[Task inputs — start]
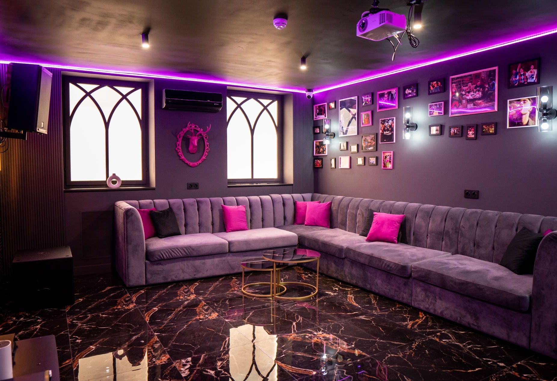 Фиолетовые стены, уютный велюровый диван на всю стену, неоновая подсветка, культовая рамка и галерея фото создают атмосферу, где хочется петь, смеяться и фотографироваться.
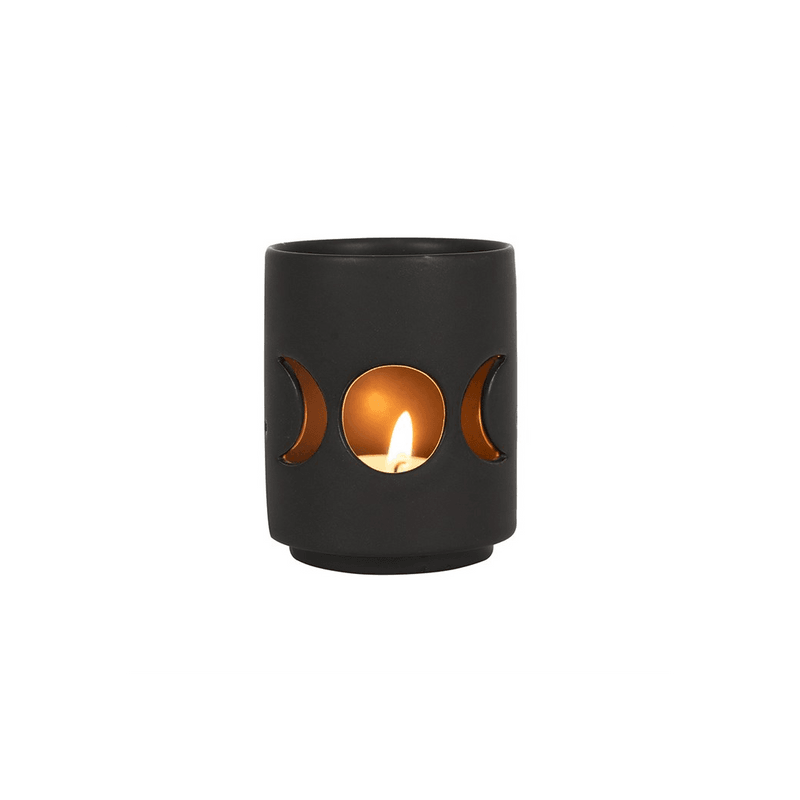 This ceramic tealight holder features a cutout triple moon design in a cool, matt black finish. The triple moon represents the stages of a woman's life; the mother, the maiden, and the crone. Holds one standard tealight candle. Product Dimensions: H7cm x W6cm x D6cm Packaged Dimensions: H9.5cm x W7.5cm x D7.5cm
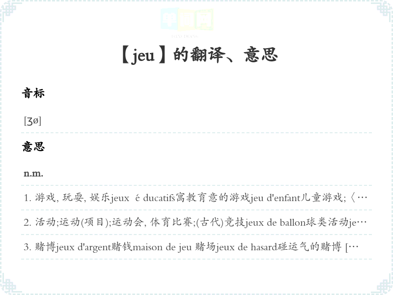 【jeu】是什么意思、字义解释
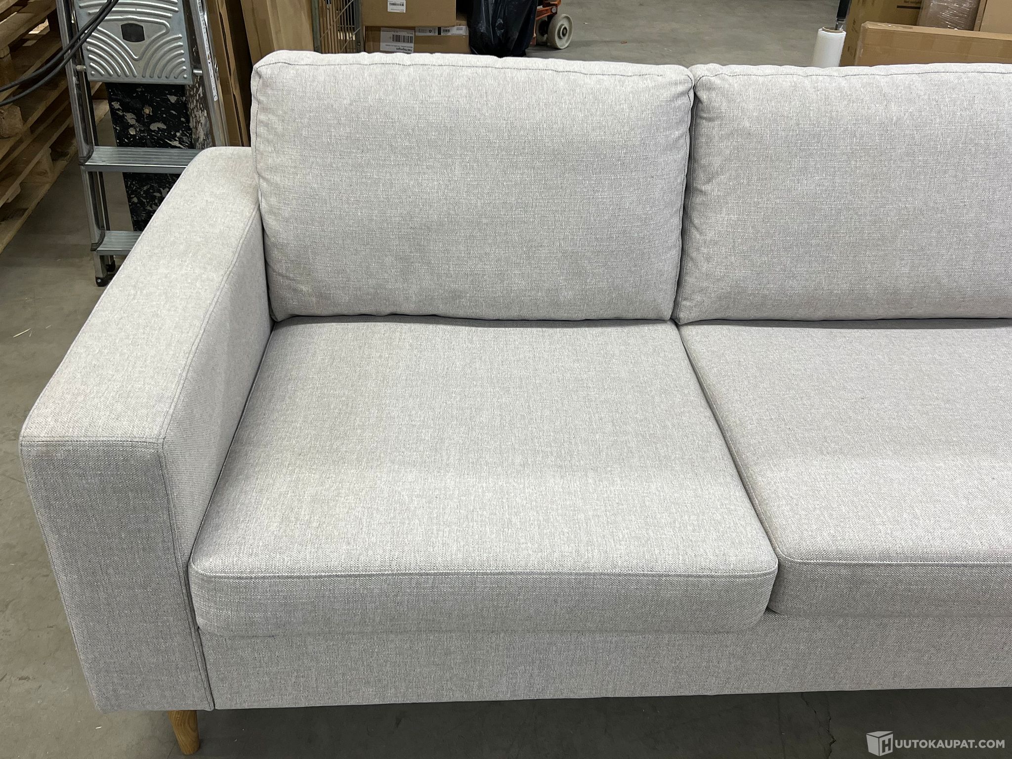 Sohva on käytetty. Kangas osittain nukkaantunut. Istuintyynyt käännetty nukkaantunut puoli alaspäin(lukuunottamatta avokulmaosan iso tyyny), Pientä likaa/käytönjälkiä löytyy. Toimitetaan jalat irrallaan lavalla kelmuun käärittynä.
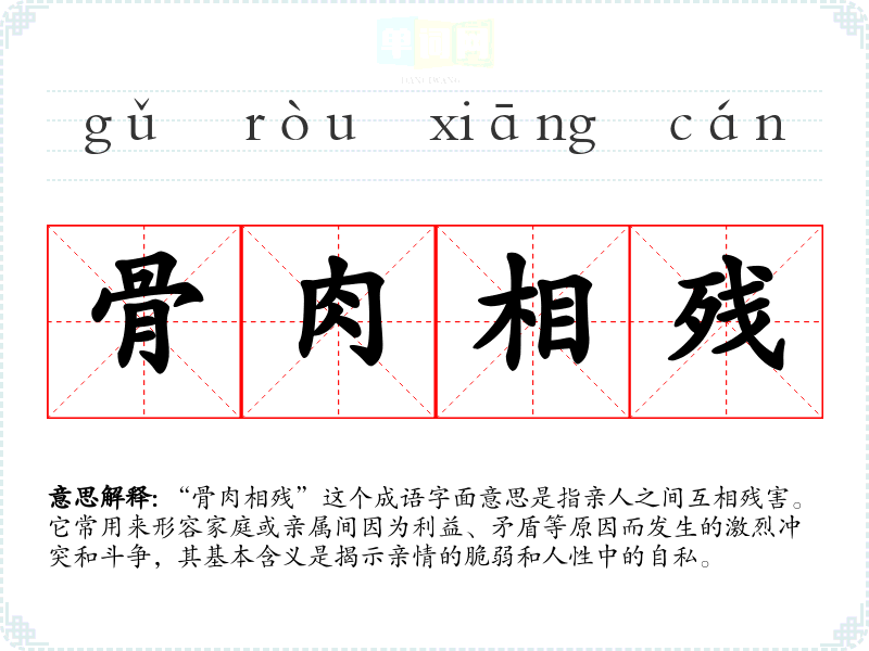 “骨肉相残”这个成语字面意思是指亲人之间互相残害。它常用来形容家庭或亲属间因为利益、矛盾等原因而发生的激烈冲突和斗争,其基本含义是揭示亲情的脆弱和人性中的自私。
[Task inputs — finish]
Return, exactly as they appear, the lines from the line containing "Sohva on käytetty." through the end of the records above, both ends included, without pictures.

 Sohva on käytetty. Kangas osittain nukkaantunut. Istuintyynyt käännetty nukkaantunut puoli alaspäin(lukuunottamatta avokulmaosan iso tyyny), Pientä likaa/käytönjälkiä löytyy. Toimitetaan jalat irrallaan lavalla kelmuun käärittynä.
 “骨肉相残”这个成语字面意思是指亲人之间互相残害。它常用来形容家庭或亲属间因为利益、矛盾等原因而发生的激烈冲突和斗争,其基本含义是揭示亲情的脆弱和人性中的自私。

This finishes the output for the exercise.